Wir laufen in die Ecke des Raumes in ein Treppenhaus, wobei es über vier Stöcke hochgeht. Der dunkelhäutige Junge geht eine Etage höher und hält eine leere Flasche in der Hand. Das Mädchen und deren Bruder starren zu ihm hoch und geben ihm ein Zeichen. Als der Junge die Flasche im Treppenhaus über uns loslässt, fliegt diese in der Mitte vor mir durch. Ich sehe das Ereignis und starre nach unten. Normalerweise – wie es Mutter Natur errichtet hat – muss die Flasche zu Boden prallen, aber das tut sie nicht. Sie verschwindet einfach mitten in der Luft. Ich schüttele verwirrt den Kopf.
„Wo ist sie hin?"
Das Mädchen zeigt mit den Fingern nach oben. Als ich schnell nach oben sehe, kommt die Flasche mehrere Meter mitten in der Luft, wie aus dem Nichts wieder zum Vorscheinen und fliegt wieder nach unten, wobei sie wieder von oben kommt und wieder nach unten fliegt. Doch dann fängt der Junge sie oben wieder auf.
„Das... Das ist unglaublich.", sage ich und ich weite meine Augen aus.
Ich sehe mich um. Ich will auch etwas runter werfen. Als ich eine alte, benutzte, halb zerdrückte Dose finde, werfe ich diese mal als Test auch nach unten. Erwartet starre ich nach oben. Nichts.
„Was issn' jetzt kaputt?"
„Manchmal kommen die Sachen zurück und manchmal auch nicht.", antwortet das junge Mädchen mir.
Plötzlich hören wir etwas. Ein Grollen, was immer lauter wird. Aus Angst laufen die Kinder die Treppen herunter.
„He, wo läuft ihr hin?", rufe ich ihnen hinterher, doch ich bekomme keine Antwort mehr.
Ich sehe mich um. Das Grollen kommt von dieser Etage irgendwo aus diesem Flur. Ich gehe langsam durch den dunklen Flur. Ein schlauer Mensch würde das lassen, aber nein, Freya muss ja die Welt erkundigen und sich immer in Gefahr bringen.

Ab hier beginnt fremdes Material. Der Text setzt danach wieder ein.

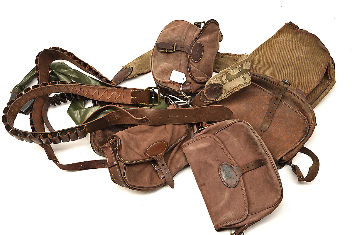 A QUANTITY OF SHOOTING RELATED ITEMS, comprising of 2 x leather cartridge belts, a vintage quick release cartridge belt, a shoulder cartridge fast loader, 4 x vintage cartridge bags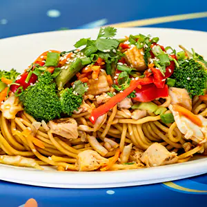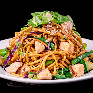 Grilled Chicken and Stir-fried Vegetables served over Noodles, tossed with Sesame-Ginger Sauce and garnished with Cilantro & Scallions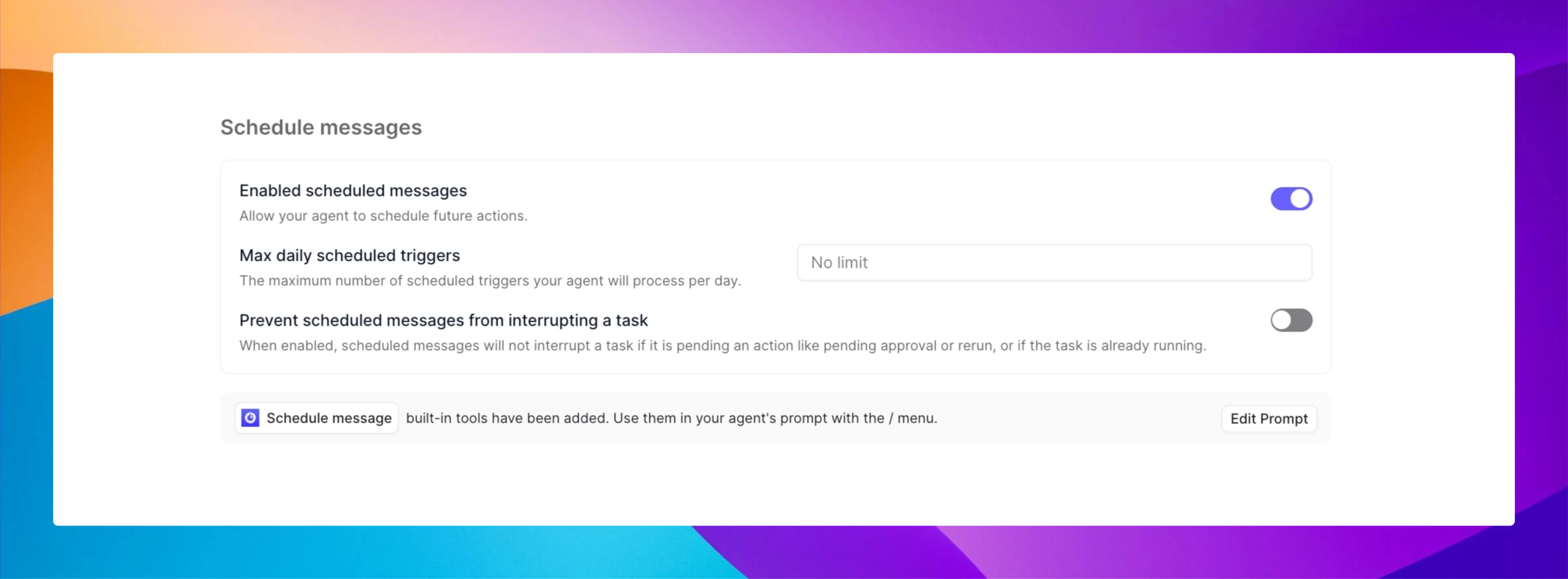 A built-in tool your Agent can use when writing prompts. Use the/schedule message shortcut inside your Agent’s instructions to tell it exactly when and what to schedule automatically during conversations.

Mein Blick führt mich in einen anderen Flur, da der andere Zuende geht und kein anderer Raum zu sehen ist. Als ich nach rechts umbiege und verzweifelt nach dem Geräusch schaue, bekomme ich Angst. Am Ende des Flures ist es ziemlich dunkel und wenn da jetzt irgendjemand stehen würde, könnte ich ihn nicht entdecken. Plötzlich rascheln die alten Blätter, die von den kaputten Fenstern hier reingeflogen sind. Der Wind kommt von hinten. Ich sehe nach hinten und der Wind weht mir ins Gesicht, aber ich kann das nicht verstehen. Der Raum hinter mir ist total zu, also frage ich mich, woher diese starke Luft kommt, die auch von Sekunde zu Sekunde immer stärker wird. Als ich wieder nach vorne sehe, zieht mich plötzlich ein hoher Luftdruck nach vorne. Sie ist so stark, dass ich mich nicht dagegen wehren kann. Ich kann mal nicht schreien, so verzweifelt bin ich auf meine Fragen, die bestimmt niemand erklären kann. Wie man die Naturgesetze nur so auf den Kopf stellen? Ich schramme mit meinen Füßen auf den Boden, doch ich bekomme sie nicht zum Stehen. Dann geschieht etwas, wie bei meiner Dose, die ich vor wenigen Minuten noch im Treppenhaus geworfen habe: Ich verschwinde, doch ich komme nicht mehr zurück.